# WORK TO COMPLETE:
Pictures are not part of the copy; reproduce the remaining data exactly.

# DATASET SECTION:
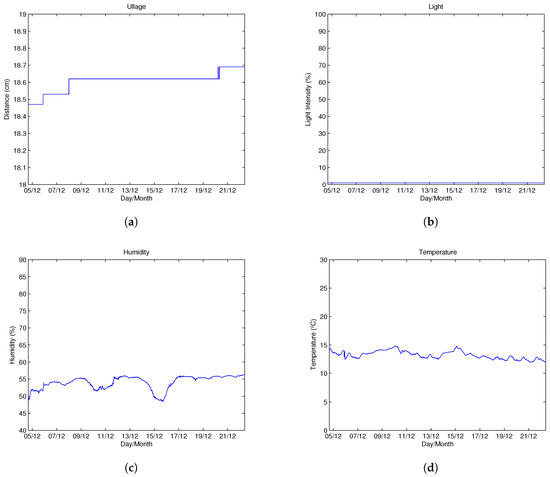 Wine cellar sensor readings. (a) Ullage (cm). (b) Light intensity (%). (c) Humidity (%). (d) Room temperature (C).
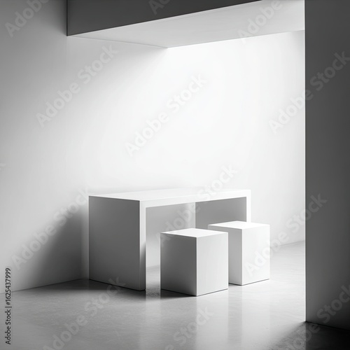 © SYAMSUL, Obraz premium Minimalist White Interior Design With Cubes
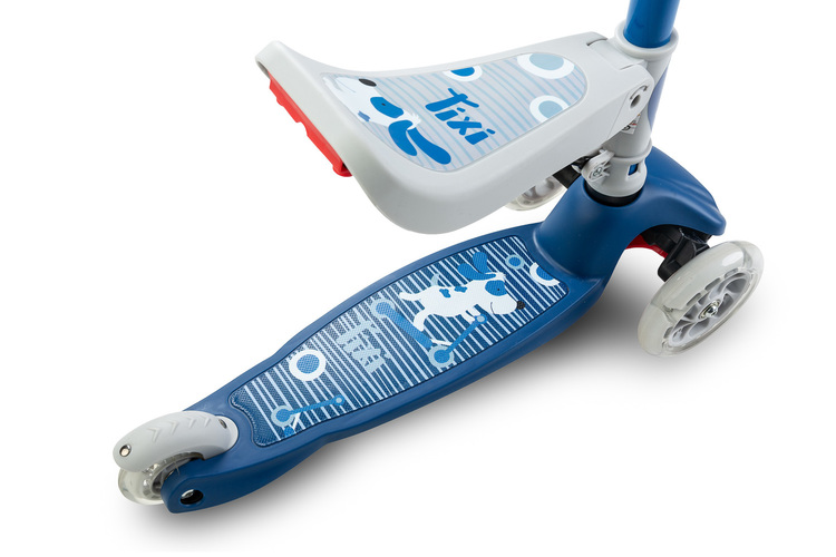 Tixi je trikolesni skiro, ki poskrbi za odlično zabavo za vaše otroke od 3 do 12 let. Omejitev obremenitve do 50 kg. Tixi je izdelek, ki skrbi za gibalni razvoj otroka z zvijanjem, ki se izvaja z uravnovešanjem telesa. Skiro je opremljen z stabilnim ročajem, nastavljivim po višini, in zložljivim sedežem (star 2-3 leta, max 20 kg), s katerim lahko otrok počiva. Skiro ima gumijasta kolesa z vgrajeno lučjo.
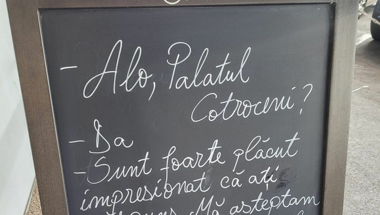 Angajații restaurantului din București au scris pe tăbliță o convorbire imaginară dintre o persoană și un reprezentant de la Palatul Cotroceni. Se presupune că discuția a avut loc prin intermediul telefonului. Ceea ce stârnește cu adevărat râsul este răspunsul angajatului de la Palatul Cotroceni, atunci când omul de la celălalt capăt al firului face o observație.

# RESULT OF THE EXERCISE:
 Wine cellar sensor readings. (a) Ullage (cm). (b) Light intensity (%). (c) Humidity (%). (d) Room temperature (C).
 © SYAMSUL, Obraz premium Minimalist White Interior Design With Cubes
 Tixi je trikolesni skiro, ki poskrbi za odlično zabavo za vaše otroke od 3 do 12 let. Omejitev obremenitve do 50 kg. Tixi je izdelek, ki skrbi za gibalni razvoj otroka z zvijanjem, ki se izvaja z uravnovešanjem telesa. Skiro je opremljen z stabilnim ročajem, nastavljivim po višini, in zložljivim sedežem (star 2-3 leta, max 20 kg), s katerim lahko otrok počiva. Skiro ima gumijasta kolesa z vgrajeno lučjo.
 Angajații restaurantului din București au scris pe tăbliță o convorbire imaginară dintre o persoană și un reprezentant de la Palatul Cotroceni. Se presupune că discuția a avut loc prin intermediul telefonului. Ceea ce stârnește cu adevărat râsul este răspunsul angajatului de la Palatul Cotroceni, atunci când omul de la celălalt capăt al firului face o observație.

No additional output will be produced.